Appendix A The choice of a clustering algorithm

A.1 Clustering algorithms

For the cluster analysis in Sect. 3, we examined several other clustering algorithms in addition to GMM² and explored their behavior on our data set. For each method, we used its implementation in scikit-learn (Pedregosa et al. 2011) and, where applicable, chose the default Euclidean distance metric. The algorithms considered are centroid, density, or hierarchical-based. A centroid-based method we explored was K-means (MacQueen 1967; Lloyd 1982). In the density-based group, we tested DBSCAN and OPTICS (Ester et al. 1996; Ankerst et al. 1999). For hierarchical clustering, we examined Agglomerative clustering (Ward 1963) besides GMM (McLachlan 1988).

K-Means³ (MacQueen 1967; Lloyd 1982) is a centroid-based clustering algorithm: It randomly initializes k centroids and associates each data point to the centroid that is closest to it, then shifts the centroids to the mean of their cluster. These steps are repeated until no changes occur. The algorithm requires only a single hyperparameter k, which is the number of clusters.

Agglomerative clustering⁴ (Ward 1963) is a bottom-up hierarchical clustering algorithm: Each data point begins as its own cluster and incrementally merges similar pairs of clusters into a new cluster.
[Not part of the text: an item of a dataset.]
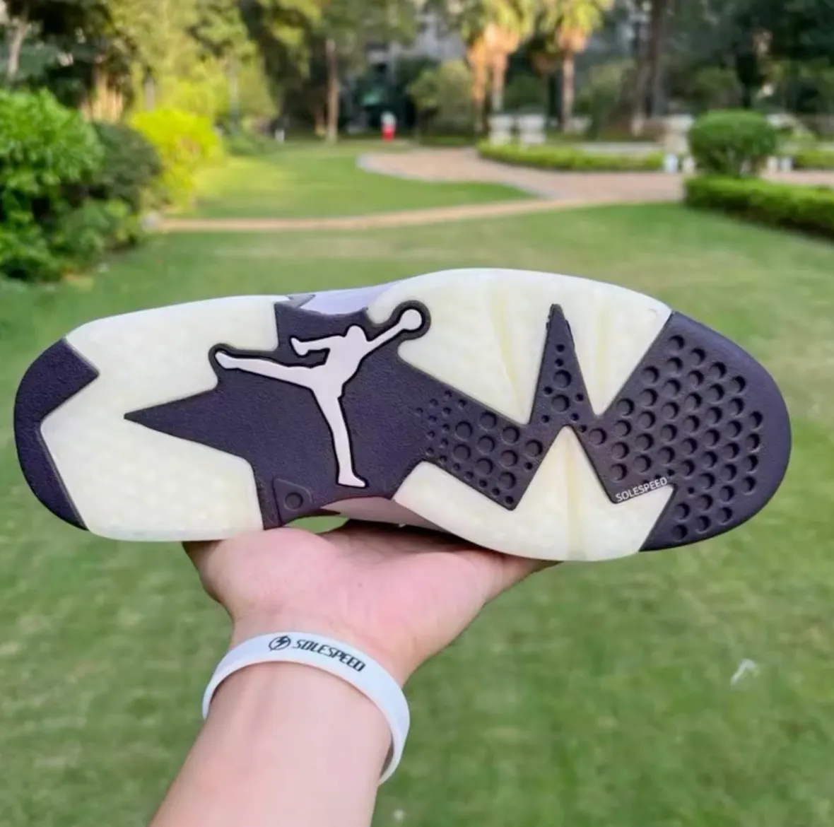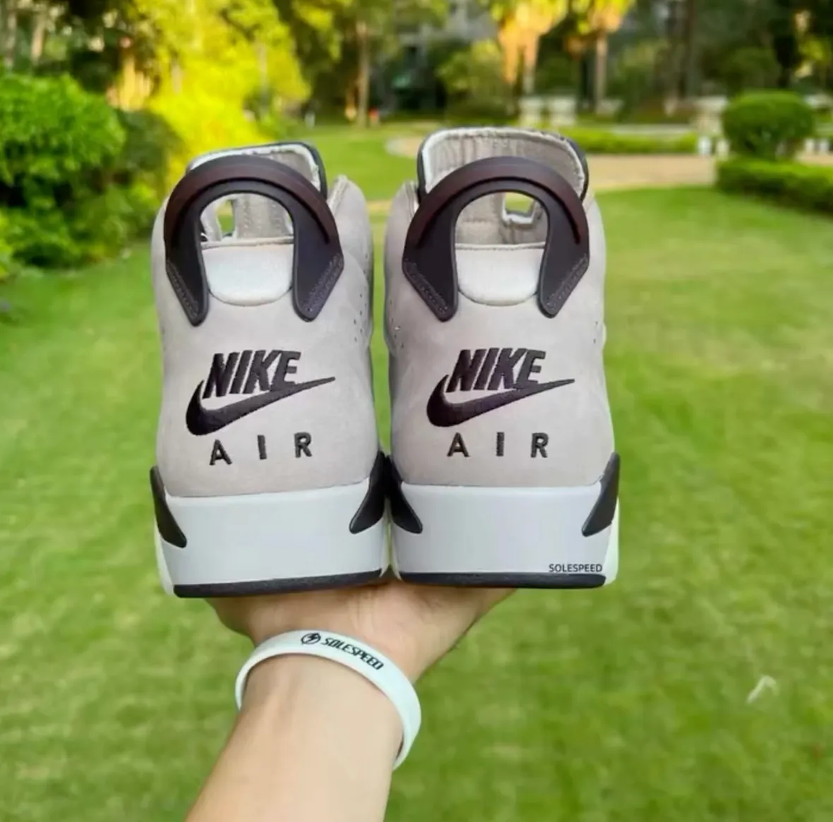 The shoe’s soft, premium construction is paired with darker accents on the heel tab, lace toggle, and midsole, adding depth to the understated color palette. Classic AJ6 details, including perforated panels, visible Air cushioning, and a milky translucent outsole, keep its heritage intact. Inside, a quilted lining and co-branded insoles highlight the brand’s signature luxury touch.

This process is repeated until there are k clusters left, where k is the hyperparameter for the number of clusters. When testing this algorithm, we used a hyperparameter called linkage to quantify similarity between pairs of clusters (e.g., Ward 1963; Szekely & Rizzo 2005). Empirically, we found that the “Ward” linkage is optimal.
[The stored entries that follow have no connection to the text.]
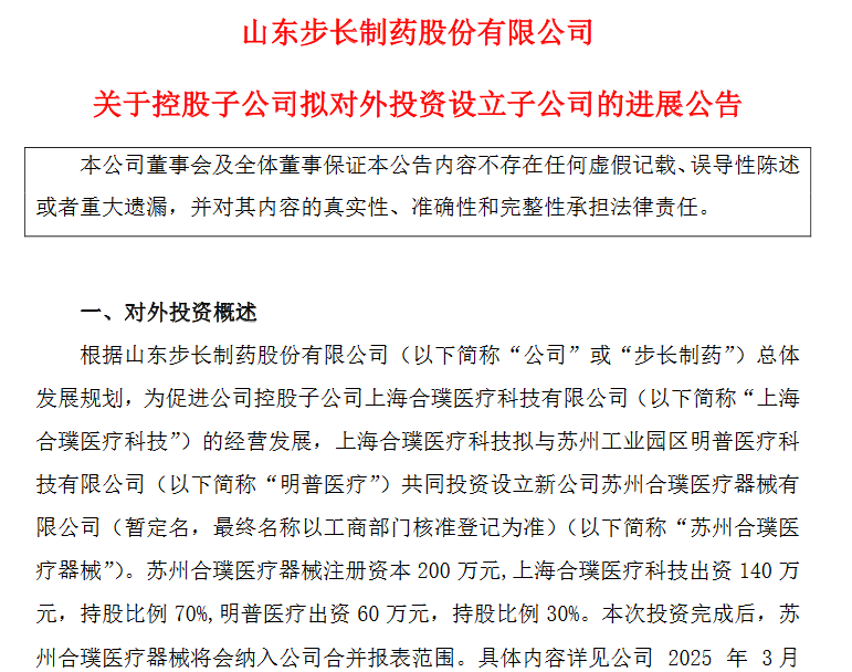 步长制药近期不断发布拟投资设立控股子公司的进展公告。3月24日,公司公告,为促进公司控股子公司上海合璞医疗科技有限公司的经营发展,上海合璞医疗科技拟与苏州工业园区明普医疗科技有限公司共同投资设立新公司苏州合璞医疗器械有限公司(暂定名,最终名称以工商部门核准登记为准)。此前,公司于2024年11月22日、12月6日和2025年1月8日分别召开董事会会议,审议通过了设立三家控股子公司的议案,分别为出资93万元设立步长众福寿药业有限公司、出资450万元设立山东步长冠优医疗器械有限公司和出资450万元设立山东步长臻泽医药科技有限公司。济南步长众福商贸有限公司、山东步长冠优医疗器械有限公司、山东步长臻泽医药科技有限公司已完成工商登记注册手续,并取得莱芜高新技术产业开发区市场监督管理局核发的营业执照。
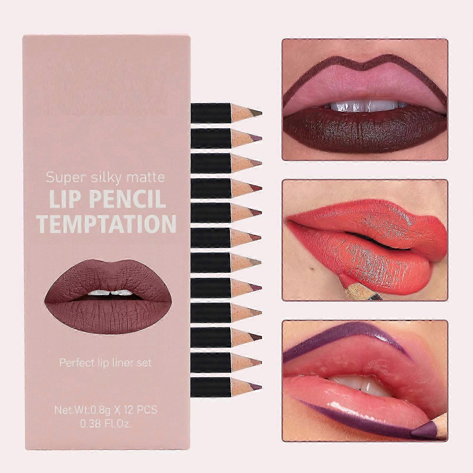 12 Colors Crayon Matte Longwear Lip Pencil, Lip Contouring Pencil, Waterproof Long Lasting Nude Lipgloss Lip Stain Kit
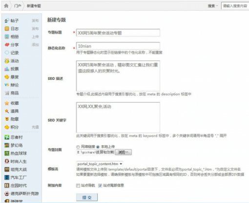 靜態化名稱:用于專題靜態化時顯示在鏈接中的個性化名稱,不能重復;
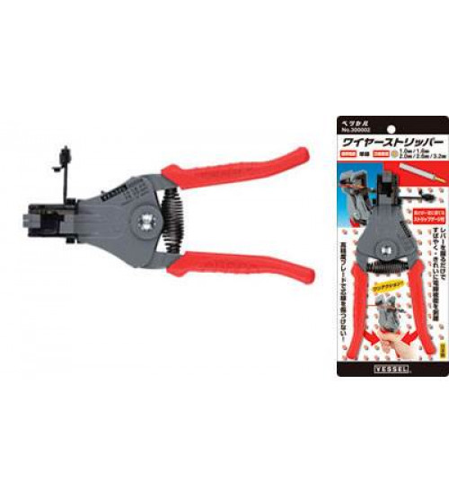 WIRE STRIPPERS 3000B (300002) ●For stripping vinyl sheathing off wire ●Nimbly and cleanly strips off sheathing in a single operation. ●Resin grip comfortably fits the hand to lessen hand fatigue. ●Can be used with wiring for TV, radio, home appliances, electrical work, automotive circuits, telephones, etc. ●Strip gauge provided. ●Barcode labeled |

DBSCAN⁵ (Ester et al. 1996)is a density-based clustering algorithm classifying each data point as either a core point (with at least minPts neighboring points within a distance ϵ), a reachable point (that is within distance ϵ of the core point), or an outlier (that is not reachable by any core point). All core points and their reachable points form a cluster, but outliers do not. The method we tested is an advancement of DBSCAN with improved performance on data sets of varying density. This method called OPTICS⁶ (Ankerst et al. 1999)has one hyperparameter: minPts – the minimum number of points nearby to make a core point.

A.2 Validation metrics and choice of method

Each of these methods has hyperparameters, that is, parameters that are not derived during model training but that control the learning process itself. We used a number of validation metrics to quantify the clustering performance for each method and specific choice of hyperparameters. Some of these metrics are method-specific and can only be used with a specific algorithm. These are the elbow method (e.g., Thorndike 1953; Ketchen & Shook 1996), the Bayesian and Aikake Information Criterions (BIC and AIC, e.g., Akaike 1973; Schwarz 1978; Cavanaugh & Neath 2019), and the dendrogram method (e.g., Nielsen 2016). The elbow method is used to evaluate the performance of the K-Means algorithm. By plotting the within-cluster sum-of-squares against k, an “elbow”-shaped curve emerges. The ideal k will be one close to the elbow. The reasoning for this is that we aim to find the first k that minimizes the within-cluster sum-of-squares. BIC and AIC are used for GMM. Both are based on information theory and are used to prevent overfitting and underfitting to choose the most optimized model. The dendrogram method is used to judge the bottom-up process of Agglomerative clustering. It shows the clustering at each hierarchy, where the y-axis is the distance between clusters and the x-axis shows the clusters. Therefore, the goal is to perform a horizontal cut such that the vertical distance is maximized. As one traverses up the hierarchy, the vertical distance naturally increases.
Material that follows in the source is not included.